• [EXERCISE DESCRIPTION]: Nothing but the lines from the one containing "Баня с панорамными окнами и видом на Байкал" through the one containing "Комплект мышь клавиатура", both included, should be given again, each exactly as written below.

• [PROVIDED INFORMATION]:
━━━━━━━━━━━━━━━━━━━━━━━━━━━━━━

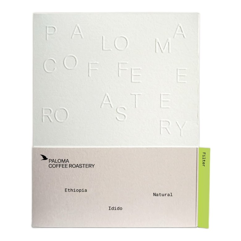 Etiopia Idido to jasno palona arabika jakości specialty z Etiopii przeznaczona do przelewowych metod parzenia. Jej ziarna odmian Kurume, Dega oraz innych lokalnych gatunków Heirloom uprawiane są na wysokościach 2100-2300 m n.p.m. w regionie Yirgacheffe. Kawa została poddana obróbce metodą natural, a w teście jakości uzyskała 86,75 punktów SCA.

━━━━━━━━━━━━━━━━━━━━━━━━━━━━━━

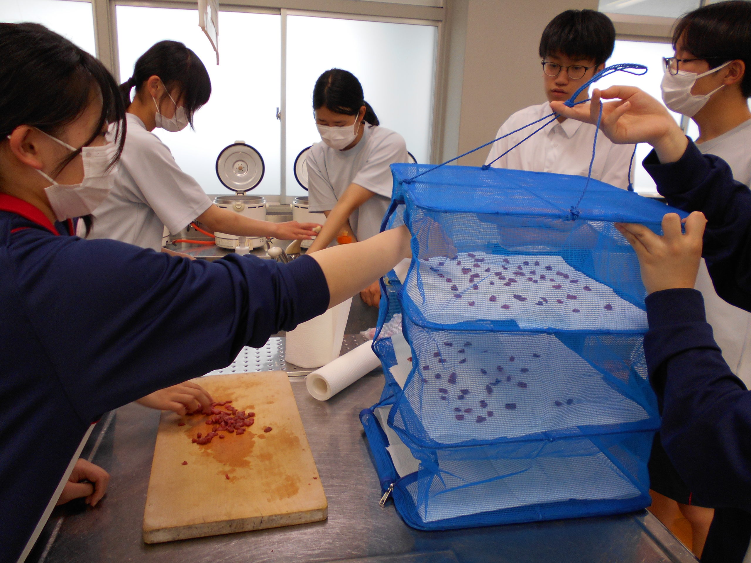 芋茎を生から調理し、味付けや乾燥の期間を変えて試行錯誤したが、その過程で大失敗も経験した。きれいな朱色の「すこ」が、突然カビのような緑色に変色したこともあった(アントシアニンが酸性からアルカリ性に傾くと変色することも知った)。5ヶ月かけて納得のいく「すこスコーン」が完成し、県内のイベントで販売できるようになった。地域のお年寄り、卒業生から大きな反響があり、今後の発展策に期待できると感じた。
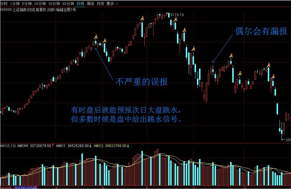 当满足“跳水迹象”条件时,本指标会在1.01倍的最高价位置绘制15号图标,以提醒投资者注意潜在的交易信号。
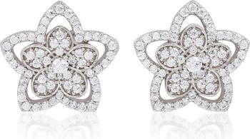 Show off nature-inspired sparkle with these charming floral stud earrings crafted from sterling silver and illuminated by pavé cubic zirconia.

━━━━━━━━━━━━━━━━━━━━━━━━━━━━━━

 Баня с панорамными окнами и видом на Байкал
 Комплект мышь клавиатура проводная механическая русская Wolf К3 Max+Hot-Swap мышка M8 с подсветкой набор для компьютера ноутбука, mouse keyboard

━━━━━━━━━━━━━━━━━━━━━━━━━━━━━━

• [SOLVED EXERCISE]:
 Баня с панорамными окнами и видом на Байкал
 Комплект мышь клавиатура проводная механическая русская Wolf К3 Max+Hot-Swap мышка M8 с подсветкой набор для компьютера ноутбука, mouse keyboard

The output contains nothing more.